Disclosure of Invention
In order to solve the defects, the method for controlling the consistency of the preset performance of the multi-intelligent system with event triggering saves the waste of communication bandwidth resources and prolongs the working time of the system.
The technical scheme of the invention is as follows:
a method for controlling the consistency of preset performance of multi-intelligent system with event trigger includes such steps as estimating the unknown state in system by order-decreasing filter, designing controller by distributed adaptive control method, and using dynamic surface control technique and event trigger technique to restrict the temporary stable performance of system.

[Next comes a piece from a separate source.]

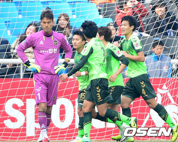15일 오후 인천광역시 중구 도원동 인천축구전용경기장에서 열린 현대오일뱅크 K리그 클래식 2014 2라운드 인천 유나이티드와 전북 현대 경기, 후반 전북 정혁이 선제골에 성공한 후 동료들과 기쁨을 나누고 있다.

Preferably, the system equation is:
the system is a high-order system, the order n of the system i May be any value; wherein y is i An output track of the ith agent; x is x i2 ,x i3 ,x is Is the status of the ith agent; /> Is state x i1 ,x i2 ,x i3 ,/>Is a derivative of (2); phi (phi) i1 (y i ),φ i2 (y i ),/> Is a known smooth function vector; f (f) i22 (y i ),/> Is a known smooth nonlinear function; θ i A vector that is an unknown constant in the system; u (u) i Is a control input; b i0 ,b i1 ,/>The previous coefficients are input to the controller.

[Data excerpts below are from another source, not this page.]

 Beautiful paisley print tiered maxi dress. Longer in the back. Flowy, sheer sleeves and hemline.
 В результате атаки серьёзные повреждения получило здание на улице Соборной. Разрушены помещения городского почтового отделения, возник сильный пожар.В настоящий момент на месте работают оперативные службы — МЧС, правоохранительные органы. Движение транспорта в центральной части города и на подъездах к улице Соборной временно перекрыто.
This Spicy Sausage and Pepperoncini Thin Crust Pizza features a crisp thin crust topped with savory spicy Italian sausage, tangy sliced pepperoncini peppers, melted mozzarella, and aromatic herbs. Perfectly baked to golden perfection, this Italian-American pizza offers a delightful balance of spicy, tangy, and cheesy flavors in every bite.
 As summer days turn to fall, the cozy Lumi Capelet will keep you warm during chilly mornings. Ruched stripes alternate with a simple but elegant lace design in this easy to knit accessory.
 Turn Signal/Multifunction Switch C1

Preferably, the reduced order filter is designed to:
wherein the method comprises the steps ofIs a function vector; zeta type toy i =[ξ i2i3 ,…,ξ in ] T ,o i =[o i2 ,o i3 ,…,o in ] Ti =[Ξ i2i3 ,...,Ξ in ] Tik =[ν ik2ik3 ,...,ν ikn ] T ,k=0,...,m,/>Are all parameter vectors in the reduced order filter; /> Are normal number vectors; />Is a constant vector; u (u) i Is a control input;
dynamic gainl i Dynamic gain for ith reduced order filter,/->Is l i Is a derivative of (2); k (k) i Is a coefficient that can be designed, Φ i Is a designed nonlinear function; pi i1 =π i βρ i Wherein->The error conversion function is designed for realizing the preset temporary steady state performance of the ith intelligent agent; beta is a time-varying function to be designed, ζ i (t)=β(t)η i (t) is based on β (t) and the introduced transfer function; />Is a designed calculation function, where l is a constant greater than 0; e, e i0 Is the consistency error of the multi-agent system; sigma (sigma) i10 ,σ i14i15 A constant greater than 0; sigma (sigma) -1 i14 ,σ -1 i15 Is sigma (sigma) i10 ,σ i14 Is the reciprocal of (2);the sum of communication coefficients of the multi-intelligent system; a, a iq Representing the communication coefficient between the ith agent and the qth agent, if a iq =1 means that the information of the qth agent is available to the ith agent, otherwise a iq =0;μ i Indicating the information acquisition condition of the intelligent agent i on the leader, if the information mu of the leader is directly acquired i =1, vice versa μ i =0。
Preferably, a barrier function suitable for a multi-agent system is designed according to a time-varying restriction function beta (t) to achieve multi-agent preset performance control with unlimited initial state;
if a function β (t) meets the following requirement, called a time-varying constraint function:
beta (t) is a strict one-way increasing function and needs to satisfy beta (0) =1 when time t=0; when the time t is infinityAnd 0 < b f =1;
B:β (k) K=1, 2,3. N is at the time the boundary segments are continuous;
constructing a preset function according to the time-varying limiting function as follows:where l is a constant greater than 0, ψ (t) is the inverse of the real variable restriction function β (t), i.e +.>
Preferably, the barrier function of designing the multi-agent system in accordance with the time-varying restriction function is:
zeta in i (t)=β(t)η i0 (t) is based on beta (t) and eta i0 The transfer function to be introduced is that,the error conversion function is designed for realizing the preset temporary steady state performance of the ith intelligent agent; e, e i0 Uniformity error for a multiple agent system>a iq Representing the communication coefficient between the ith agent and the qth agent, if a iq =1 means that the information of the qth agent is available to the ith agent, otherwise a iq =0;μ i Indicating the information acquisition condition of the intelligent agent i on the leader, if the information mu of the leader is directly acquired i =1, vice versa μ i =0。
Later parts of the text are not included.